* Exercise details *
Look in the data below for the line that has "Un anello perfetto", then print exactly every line from there through the line that has "Regulation of alveolar", leaving pictures out.

* Material for this exercise *
Content starts
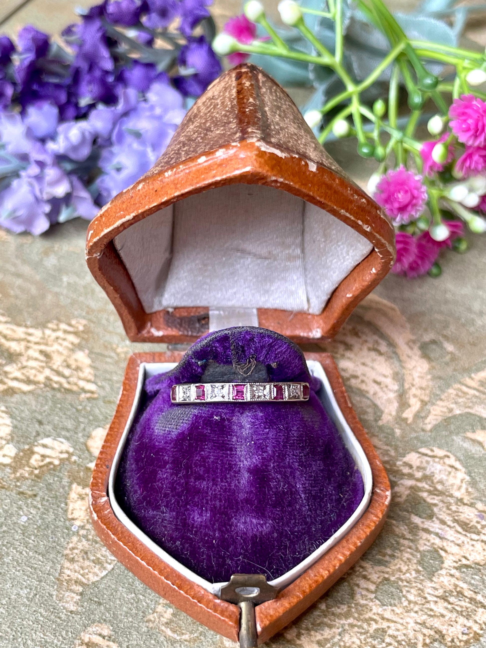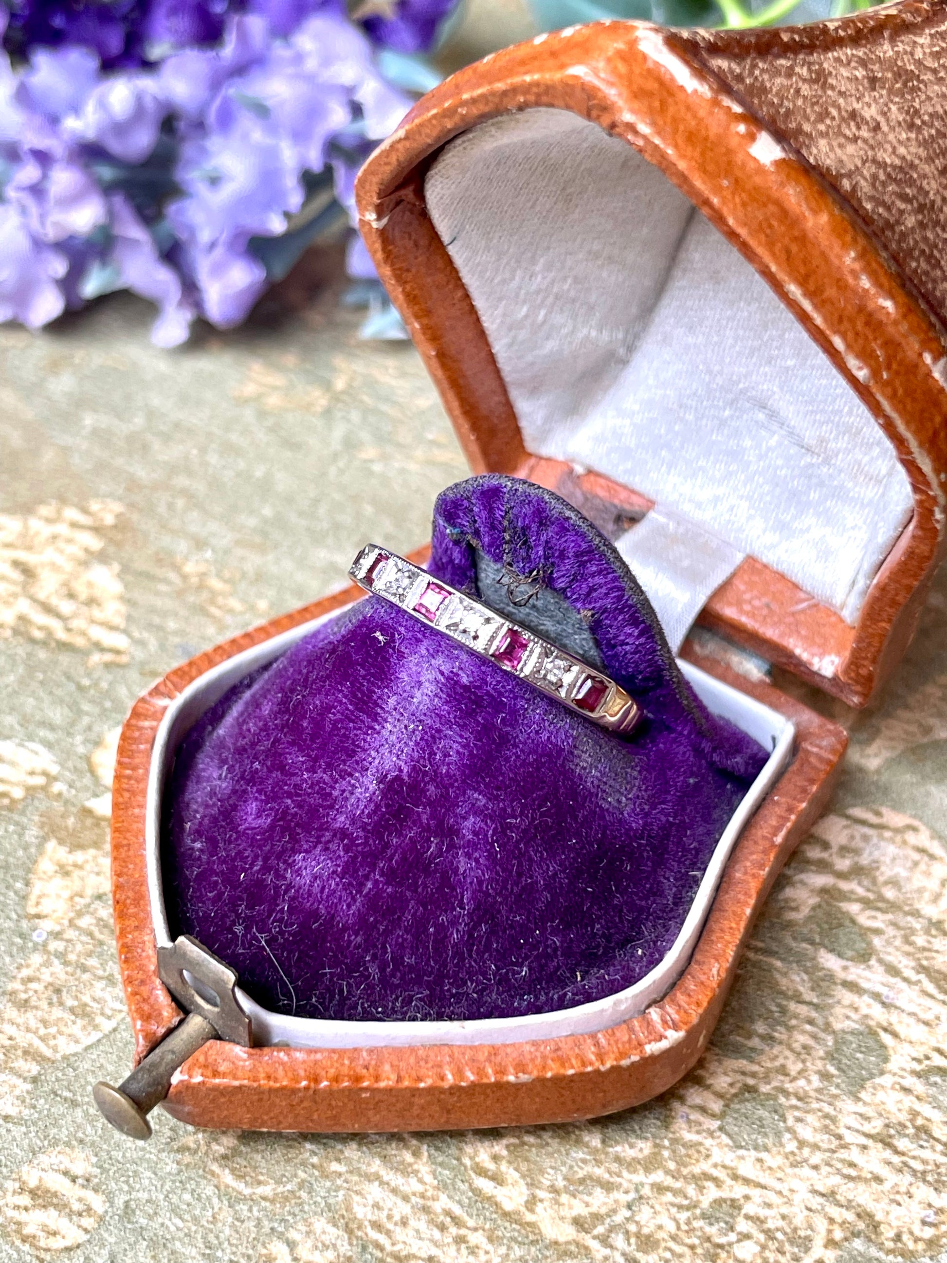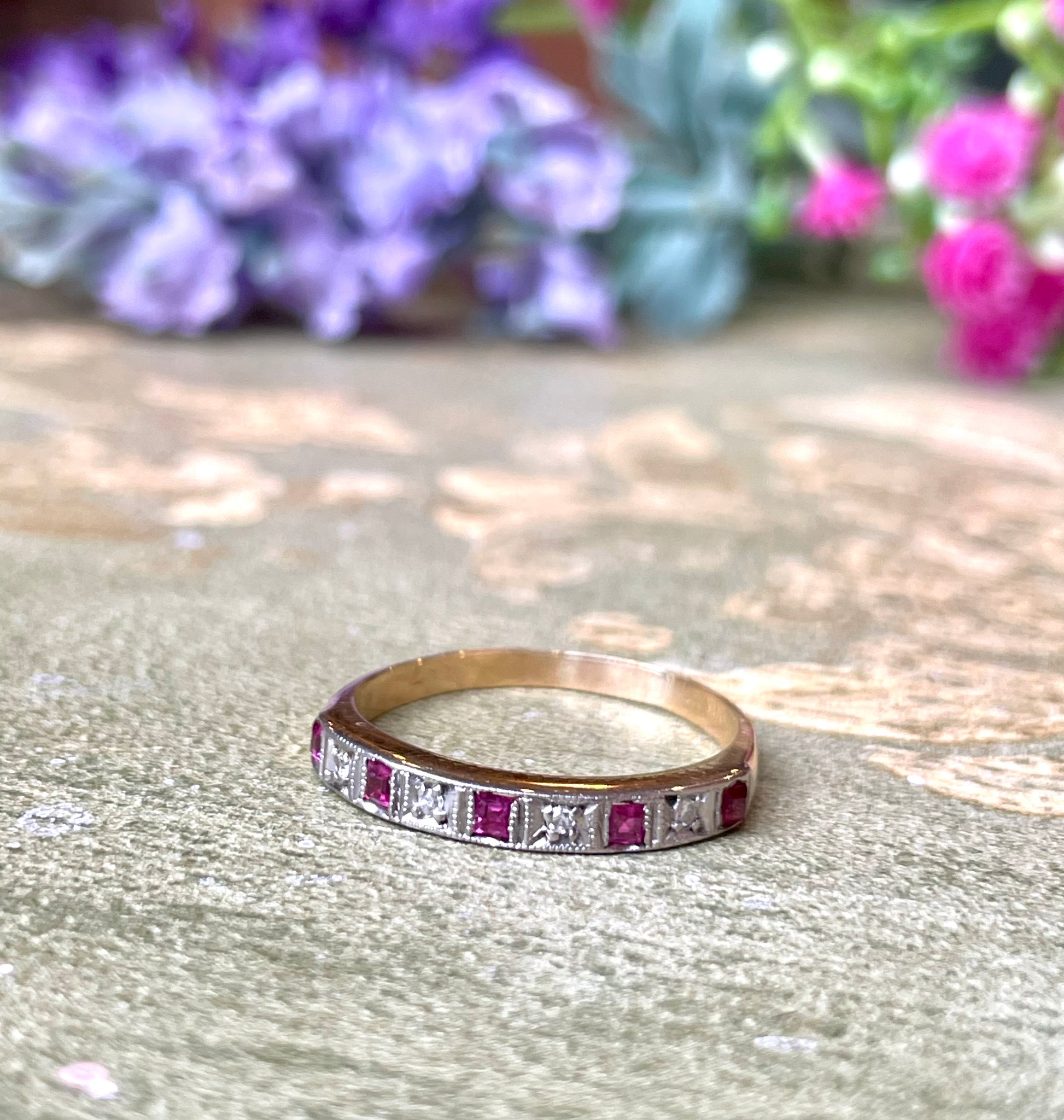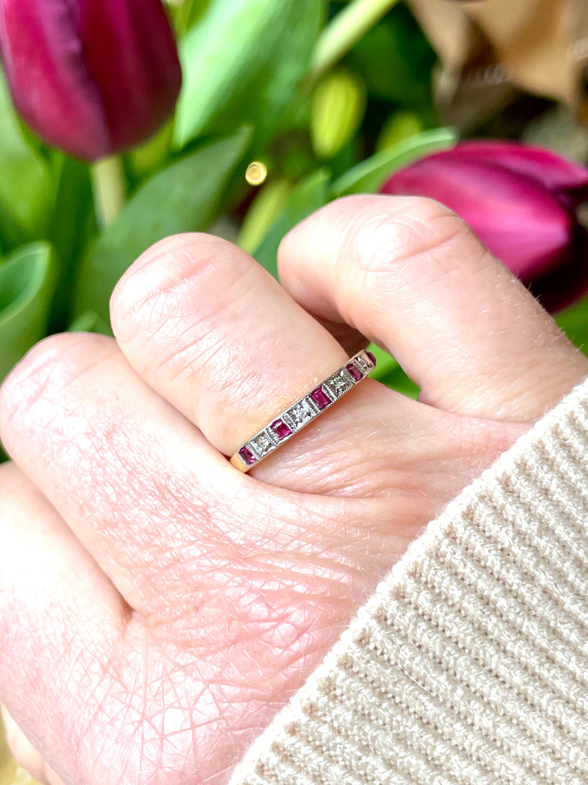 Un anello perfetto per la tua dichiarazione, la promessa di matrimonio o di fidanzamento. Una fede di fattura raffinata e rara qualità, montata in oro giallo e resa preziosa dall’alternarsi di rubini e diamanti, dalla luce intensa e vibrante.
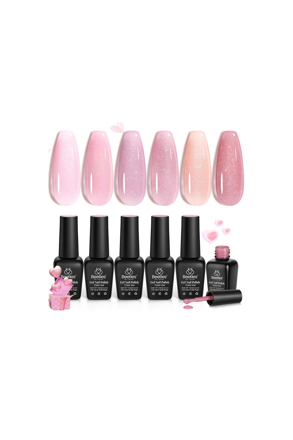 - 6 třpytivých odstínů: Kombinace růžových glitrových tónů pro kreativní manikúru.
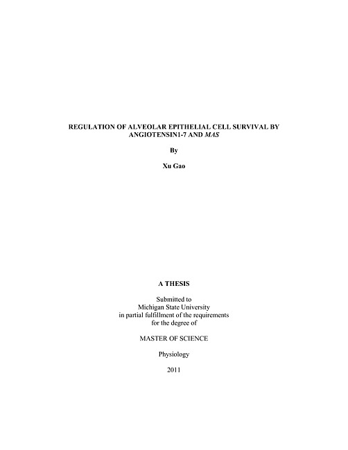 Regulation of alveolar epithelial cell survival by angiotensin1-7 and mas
Content ends
Content starts
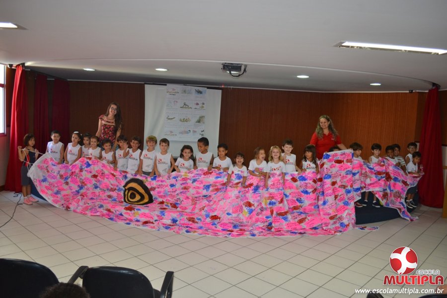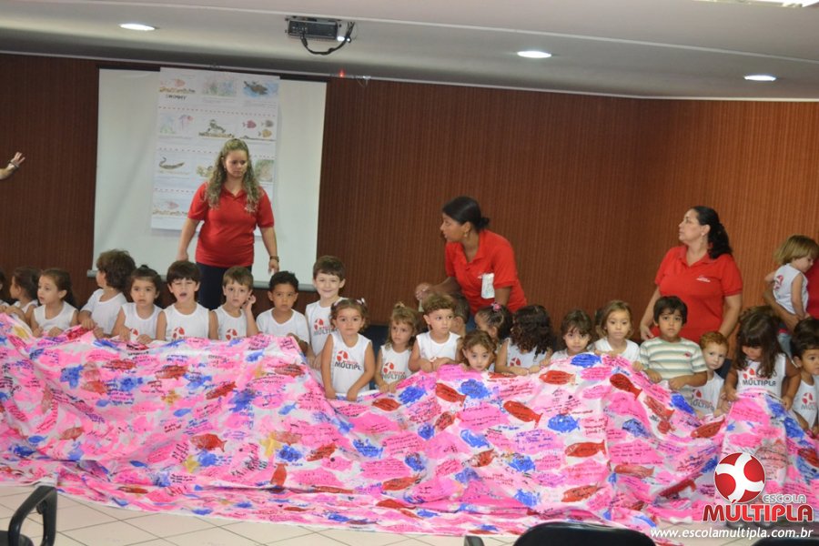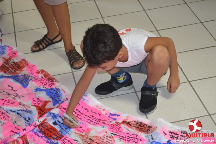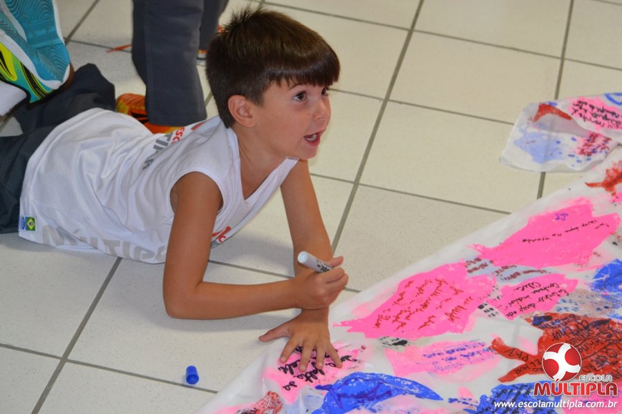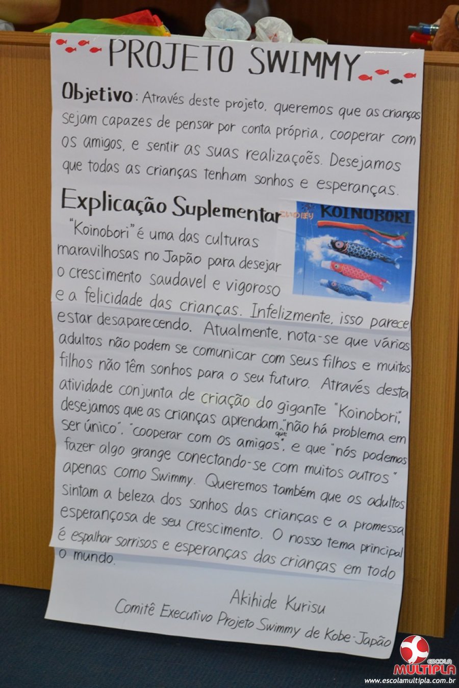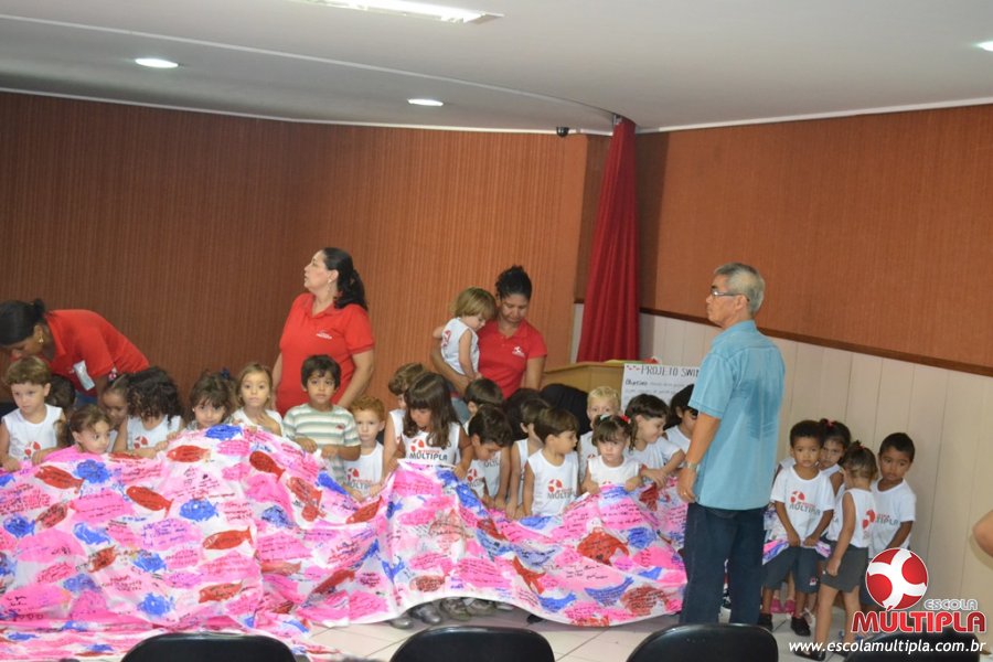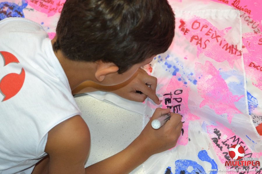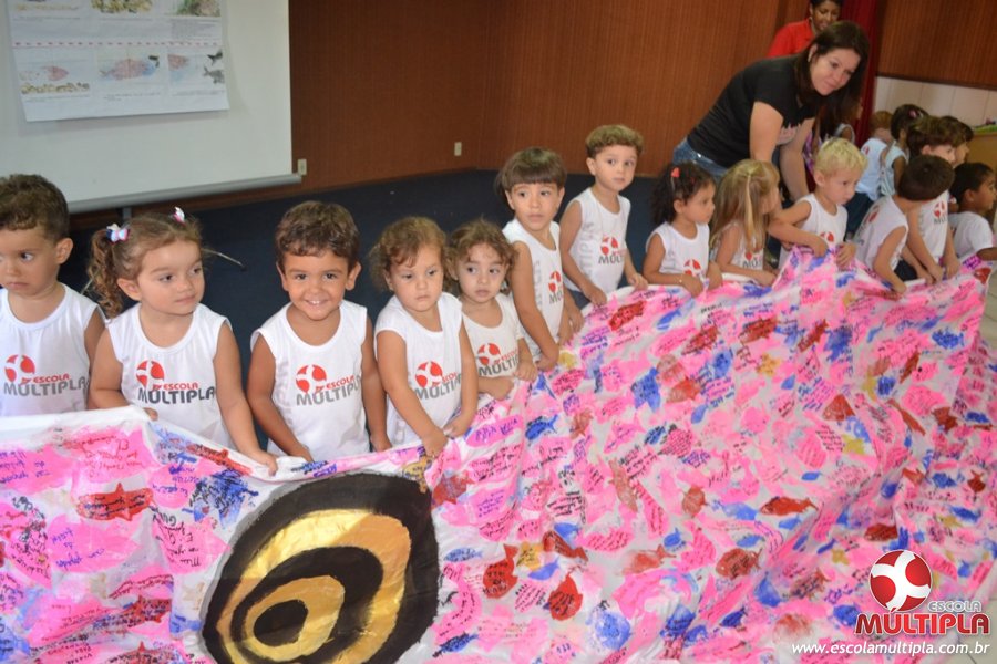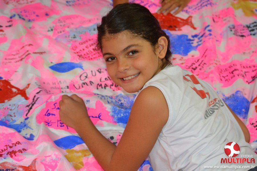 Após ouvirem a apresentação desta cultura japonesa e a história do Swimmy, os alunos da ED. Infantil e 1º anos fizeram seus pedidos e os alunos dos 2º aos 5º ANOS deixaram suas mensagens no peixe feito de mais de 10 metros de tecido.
Content ends
* Solution to the exercise *
 Un anello perfetto per la tua dichiarazione, la promessa di matrimonio o di fidanzamento. Una fede di fattura raffinata e rara qualità, montata in oro giallo e resa preziosa dall’alternarsi di rubini e diamanti, dalla luce intensa e vibrante.
 - 6 třpytivých odstínů: Kombinace růžových glitrových tónů pro kreativní manikúru.
 Regulation of alveolar epithelial cell survival by angiotensin1-7 and mas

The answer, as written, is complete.